[Top][All Lists]
[Date Prev][Date Next][Thread Prev][Thread Next][Date Index][Thread Index]
RE: [cp-patches] FYI: Patch: character encoder/decoder cleanup/fixes
From: |
Jeroen Frijters |
Subject: |
RE: [cp-patches] FYI: Patch: character encoder/decoder cleanup/fixes |
Date: |
Thu, 18 Nov 2004 10:03:22 +0100 |
Archie Cobbs wrote:
> This is arguable in my opinion. Does the UTF-8 specification say that
> only currently defined Unicode characters may be encoded/decoded?
It has nothing to do with defined or undefined characters. Java strings
do not contain characters, but UTF-16 codepoints. When a Unicode
character above 0xFFFF is put in a Java string, the character code is
converted to two UTF-16 codepoints (a so called surrogate pair). These
surrogate pair codepoints are in the range 0xD800-0xDFFF and
conveniently Unicode doesn't define any characters in this range, so if
you encounter a Java char in this range, it isn't actually a Unicode
character, but only half of it. If a string contains half of a surrogate
pair, this string is malformed and so the UTF-8 encoder (which encodes
Unicode characters) is right to encode this as an invalid character.
Now, it's actually possible to have the UTF-8 encoder/decoder
encode/decode these half surrogate pairs symmetrically so if there is a
good reason to do so, we can certainly do that.
> What about Java class files? They contain arbitrary 16 byte characters
> encoded using "UTF-8" .. by your logic, isn't that a violation? Etc.
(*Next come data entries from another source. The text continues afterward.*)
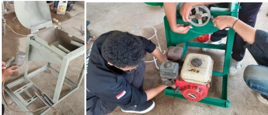
Gambar 5. Pengecatan dan perakitan ulang komponen mesin

berwana abu-abu dan lapisan cat utama berwarna hijau. Pelapisan cat dasar dan utama dilakukan untuk mencegah korosi komponen mesin dari faktor lingkungan dan menambah estetika. Setelah pengecatan selesai, dilanjutkan tahap mengeringkan lalu merakit kembali semua komponen mesin (assembly) yang ditunjukkan pada gambar 5.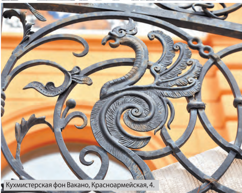
Кухмистерская фон Вакано, Красноармейская, 4.

к бабочкам прослеживаются в оформлении калитки, ограды и парапета кровли.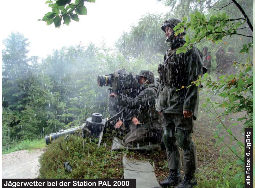
Jägerwetter bei der Station PAL 2000

Neben der Beleuchtung von Schnittstellen wurde auch rasch klar, dass gebirgisches Gelände und extreme Witterungsbedingungen nicht zwangsläufig als Nachteil für den Verteidiger zu werten waren. „Gute Planer spielen eigene Stärken aus – schlechte Pla-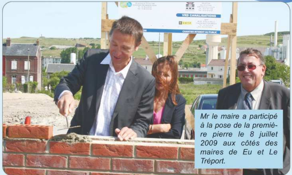
Mr le maire a participé à la pose de la première pierre le 8 juillet 2009 aux côtés des maires de Eu et Le Tréport.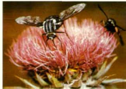
Abb. 14: Der Wollschweber ( Bombylius punctatus ) nektarsaugend an Distel (dünne Röhrenblüten).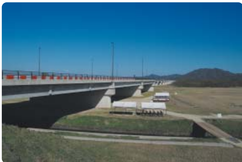
国道9号出雲バイパス(からさで大橋)

I don't understand what you mean here.
> I guess it depends on whether UTF-8 is defined as a 16 byte value
> encoding or a Unicode character encoding.. but even if it's defined
> as the latter, in practice, it is certainly used as the
> former a lot...
UTF = Unicode Transformation Format. Do you have any examples of code
that uses strings to store arbitrary binary data *and* use UTF-8
encoding? Since Sun's implementation doesn't support it, I think it's
unlikely that much code depends on it.
Regards,
Jeroen